The filing documents a standard change-in-control settlement process: outstanding restricted stock units and unvested options held by the reporting officer accelerated and were settled at the merger Effective Time. Issued shares were canceled and converted into $10.047 cash per share plus a CVR, and in-the-money options were cashed out based on the spread over their exercise prices. The result is a clean disposition with no remaining beneficial ownership reported for this officer.
TL;DR: Merger consideration included cash and contingent value rights; equity awards were treated consistently with the Merger Agreement.
The disclosure details treatment of equity awards under the Merger Agreement: Accelerated Vesting Restricted Stock Units became vested then canceled for cash equal to the per-share cash consideration plus a CVR, and In-the-Money Options were canceled for cash equal to the per-share spread times underlying shares plus CVRs.

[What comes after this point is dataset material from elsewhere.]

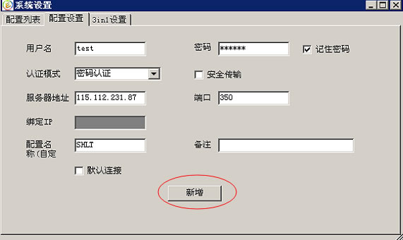 2.在配置列表中,点击"新增"按钮。会切换到"配置设置"界面。
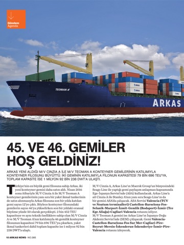 Arkas Holding ve şirketlerinin faaliyetleri, kurumsal haberleri, sosyal sorumluluk çalışmaları, faaliyet gösterdiği sektörlere dair en yeni çalışmalarının yer aldığı kurumsal dergisi Arkas Newsu, ücretsiz olarak indirebileceğiniz bu uygulamayı kullanarak okuyabilirsiniz. Bu uygulamayla, yenilenen ve taptaze, muhteşem içeriklerle bezenen Arkas News dergisinin tüm sayılarını telefonunuzda ya da tabletinizde taşıyabilir, en yeni sayıyı çıkar çıkmaz indirip okumaya başlayabilirsiniz.

The Form 4 enumerates specific option pools canceled at exercise prices of $7.05, $4.24 and $2.95 with stated underlying share counts, facilitating straightforward payout calculations for affected holders.
Insider Trade Summary
| Type | Security | Shares | Price | Value |
|---|---|---|---|---|
| Disposition | Stock Option (Right to Buy) | 9,063 | $0.00 | -- |
| Disposition | Stock Option (Right to Buy) | 135,937 | $0.00 | -- |
| Disposition | Stock Option (Right to Buy) | 41,694 | $0.00 | -- |
| Disposition | Stock Option (Right to Buy) | 66,170 | $0.00 | -- |
| Disposition | Stock Option (Right to Buy) | 17,074 | $0.00 | -- |
| Disposition | Stock Option (Right to Buy) | 146,835 | $0.00 | -- |
| U | Common Stock | 161,898 | $0.00 | -- |
Footnotes (1)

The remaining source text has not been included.